# Rubber stall mats



## catharina

Has anyone used rubber stall mats on dirt floors? I have a small 3 sided shelter that is so hard to keep dry & clean. I think 2 large stall mats would cover it, but I wondered about moisture collecting under them. Also, do you clean up with a flat shovel or would that damage the mats?

onder:


----------



## ksalvagno

It won't be any easier to keep dry and clean with mats on top.


----------



## anawhitfield

Is this in a lower area where water accumulates? If so, this is what we did for ours: we got some old cinder blocks (or caps) and raised the area above the flood level. We then made a wooden floor from an old fence and some recycled pallets. That way they slept on wood (not on plastic or cement) and any wet stuff fell through the cinder blocks (or caps) into the grown below, a good several inches from where the animals walked and slept. 
This is not cost-efficient for a large area, but for a small stall, I would definitely do it!
I'm sorry I don't have pictures of how we made it, but here is the finished product. And it was always nice and dry, even when we had heavy rains.


----------



## nancy d

Long ago I almost bought stall matts. Then I tried to move one. Uh uh! If I can't move it by myself it's a no.


----------



## toth boer goats

I have rubber mats in the calf hutches for the bucks. I use a pitch fork first, if it has accumulated a bit longer, from bad weather not being able to get to it, then a flat shovel to get the rest. Works well, but hard on the back in the hutch. Being a barn situation, it is more open and shouldn't be that hard. Just make sure you have plenty of shavings to soak up a lot of the pee. 
I haven't had to worry about underneath the mat. It is what is on top of it.


----------



## catharina

Thanks for all the input, everyone! Yes, the one I have in a shed with a floor is too heavy for me to move--eventually I'll need to clean under it somehow. (I did drill drain holes in the floor before putting it down)

I did raise the floor or the 3 sided shed after CA's drought ended, so moisture is mostly from the goats & some rain splashing in. What's really my biggest problem though, I'm realizing, is cleaning up the poop without removing the gravel I used to raise the floor. I think that's how the floor got too low in the first place!

Any further thoughts on keeping dirt/gravel floors sanitary?


----------



## Suzanne_Tyler

I forgot the name, hopefully someone will help you out that uses this, but on another thread several people recommended the powdery stuff left over for mining/cutting granite at the quarries. Said to be super inexpensive, and compacts down easily, but still lets any liquids drain through.


----------



## toth boer goats

Lime, here is a good link.

http://www.thegoatspot.net/forum/f217/lime-goats-114217/


----------



## lisanne

*rock dust*

Granite dust is not the same as lime. Granite dust does not dissolve or break down easily.

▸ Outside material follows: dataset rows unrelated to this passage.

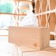 使用 0.3cm 日桧厚单打造,天然的木纹及年轮就是“无垢设计”的展现,有桧木香的抽取体验,适用于市售软包装抽取面纸。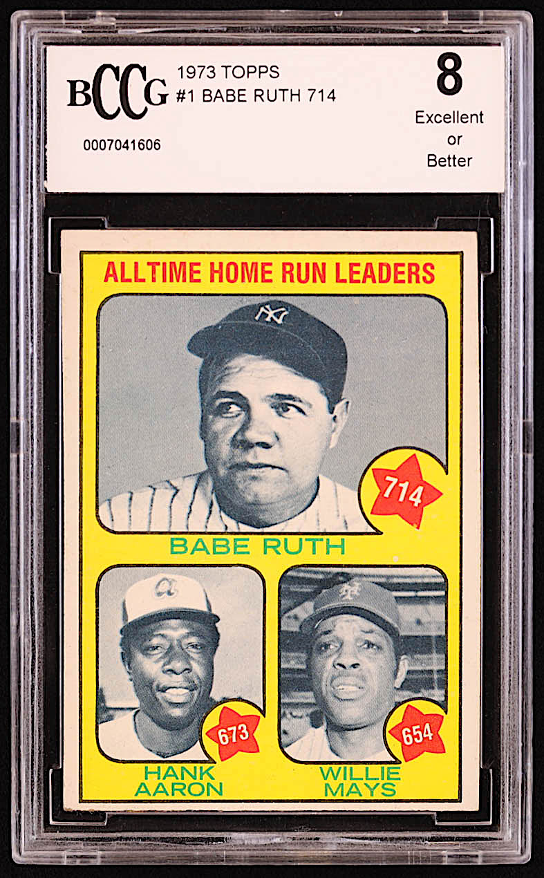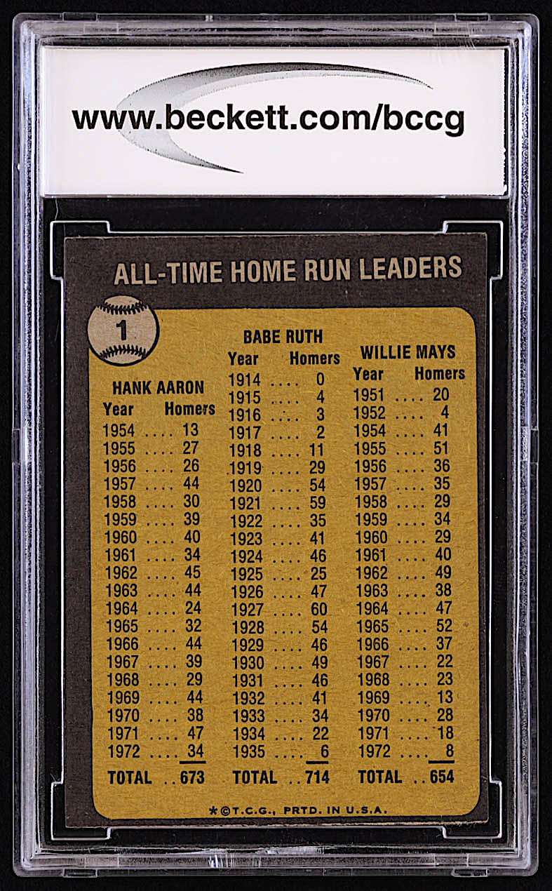 Babe Ruth 714 / Hank Aaron 673 / Willie Mays 654 1973 Topps #1 / All-Time Home Run Leaders (BCCG 8)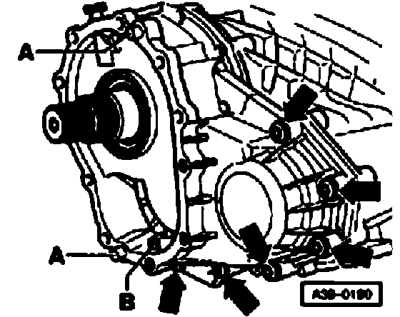 ^ Remove bolts (arrows) at intermediate flange for front final drive.

It is like very fine sand. http://www.homedepot.com/p/Cutting-Edge-50-lb-Stone-Dust-Crushed-Granite-500501/207213047

Lime is crushed limestone, which is simply calcium carbonate. It is used to fertilize fields and dissolves slowly when wet. Lime is a good odor reducer, but not something you want to count on to hold up in wet conditions.

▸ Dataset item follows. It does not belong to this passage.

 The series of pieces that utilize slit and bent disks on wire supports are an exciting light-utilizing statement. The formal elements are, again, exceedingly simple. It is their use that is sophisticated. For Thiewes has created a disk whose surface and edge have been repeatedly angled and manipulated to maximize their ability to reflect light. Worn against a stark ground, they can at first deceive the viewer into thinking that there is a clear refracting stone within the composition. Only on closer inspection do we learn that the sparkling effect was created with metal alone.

I love stall mats -- if someone else moves them for me!! We have a concrete floors and mats on top in our barn. If you wanted to put mats down *on dirt *I would suggest you put round rock (pea gravel) down first. This will make a nice flat surface because the rocks will get tamped down. Just beware stall mats are known to shift around over time. It's good if they are braced tightly against something at least on two sides.


----------



## catharina

How thick a layer of stone dust goes over the dirt before I put stall mats in? Or would gravel be better? How much of that? Should I put lime on top of that to control odors, or won't they be able to get out?

Also with the mats being too heavy for me to move, what's the smallest size squares I could cut them into without having them move around or do something else bad? They'd be held in on only 3 sides.


----------



## teejae

I had rubber mats thinking it would be great keeping the girls off the dirt and easy to clean, Lol they were the biggest poo collectors and so heavy to move and a pain in the bum to hose clean. They were expensive and fell apart quickly. So I ended up using timber off cuts( from railway sleepers ).They are so easy to hose clean and warm for the girls to sleep on .They have lasted for years and have settled into the dirt like pavers


----------



## lisanne

If the area tends to pool water, I would definitely put gravel down first. You want to raise the floor area up high enough that it won't be under water in wet weather. I'd add a couple inches extra to be safe (because the gravel will settle into the dirt over time). 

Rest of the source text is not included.